My husband rides subs, so when he’s gone there’s no Skype, no IM, no phone calls. We have email (sometimes). Being the good wife that I am, I sit down and write him an email every day. A LONG email full of details about everything – what I did that day, what the dogs did, news about our friends, updates on tv shows, news reports, etc. If it happened, he knows about it. Before you stop and think, “Wow, your poor husband!” let me assure you that he appreciates the details of the mundane when he’s gone. Or at least he says he does.
My husband also writes me an email just about every day when he's gone. But his emails are… less detailed.
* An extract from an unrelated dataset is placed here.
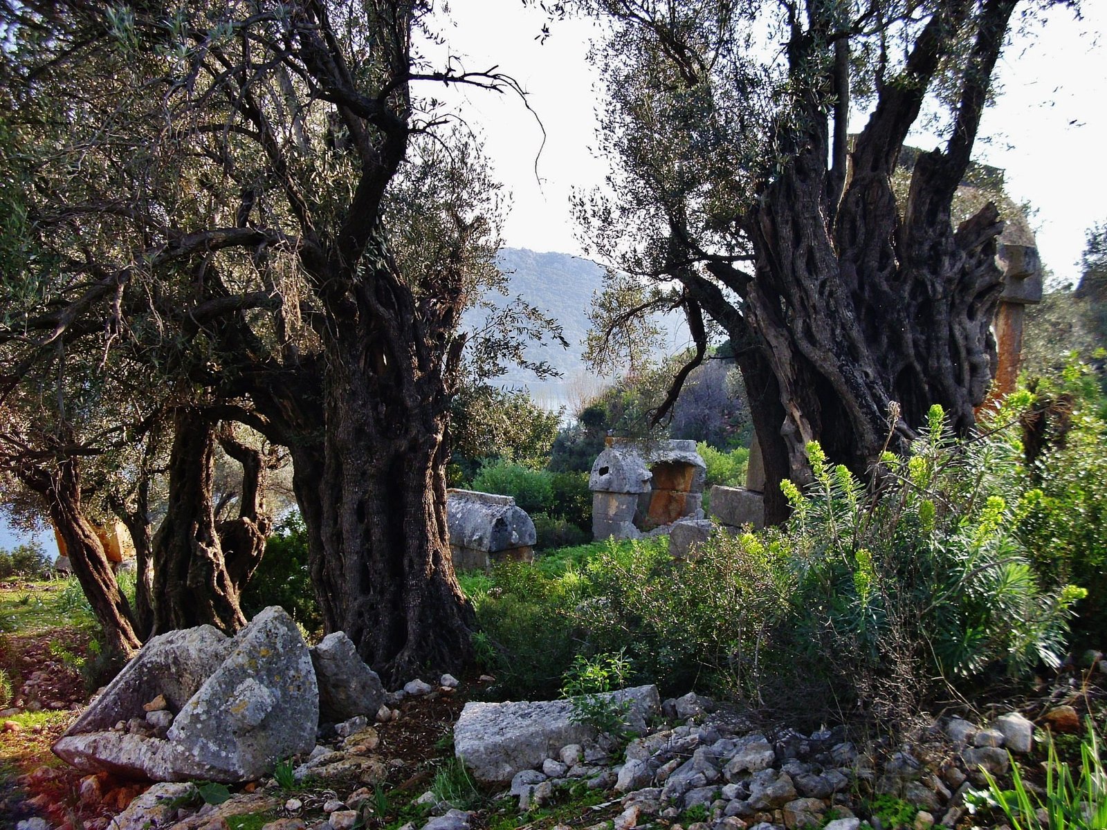 Descansamos un momento en la plaza junto a la ribera del mar. Üçagiz es un enclave veraniego, con muelles y botes. Las pensiones, en su mayoría están cerradas. Algunos nos ofrecen buen precio y lugar, pero es temprano, el clima es bueno, así que decidimos continuar hacia Simena. Salir de Üçagiz es por una calle de pavimento, detrás de la calle que bordea la costa, paralela a esta. Es prácticamente la única calle que hay y que sube. Es caluroso, no hay sombra. Apenas empezamos a subir vemos algunas tumbas casi domésticas, mimetizadas con los jardines de algunas casas y sus flores. No demoramos mucho hasta Simena, menos de una hora. Antes de llegar pasamos por un astillero repleto de barcos que seguramente estarán aprontándose y acicalándose para el próximo verano. En reposo por ahora. En Simena no hay nadie. Sólo algunos pobladores. Si Üçagiz es netamente veraniega, Simena aún más. El pueblo no es básicamente un pueblo ordinario sino muelles y casas de madera adosadas a los muelles, encaramadas en el acantilado. No hay calles, sólo caminitos o escaleras. La gente se maneja en botes, lanchas, barcos. Todos los servicios se cierran en baja temporada pero siempre queda alguien para comprar cena o desayunos. Mercado no hay, en Üçagiz sí.

Much less detailed.
I understand that he can’t talk about a lot of what goes on and that he doesn’t do much but sleep and work, but I still feel a bit put out when I write him a long email and in response I receive a paragraph saying there's nothing new, he misses me, and how are the dogs. (Disclaimer: I’m not complaining at all! I much prefer that to receiving nothing.) I suppose my real problem is that I’m expecting an update on his life and I never get it.
The thing is, he’s like this in real life too. I’m a details person and he’s not. Ask me what happened over my day, and I will give you a thorough recounting, down to the flavor of Crystal Light I drank. Ask him and he’ll probably just say nothing. He’s used to telling me something and having me ask for more details that he usually doesn’t remember and I’m used to talking his ear off and having him tell me that I “say a lot of things.” It works for us.
I guess the difference is that when he's at home, I’m still around him for part of the day and know what he’s up to, so when he tells me that nothing interesting happened at work, it doesn’t matter. But when he says nothing interesting happened while he’s gone, his whole day is a mystery to me and it drives me a little bit nuts.
He tries because he knows I’m a details person, but it’s just not his nature to remember if anything funny or weird happened that day. After four deployments, we've finally come up with a solution that works for both of us: in each email, he now tells me what he ate for dinner.
It may not seem like much, but it’s something that he always remembers and somehow knowing that yesterday was pizza and wings night makes me feel a little more connected to him.
Do you have communication imbalances when your spouse deploys? How do you deal with it?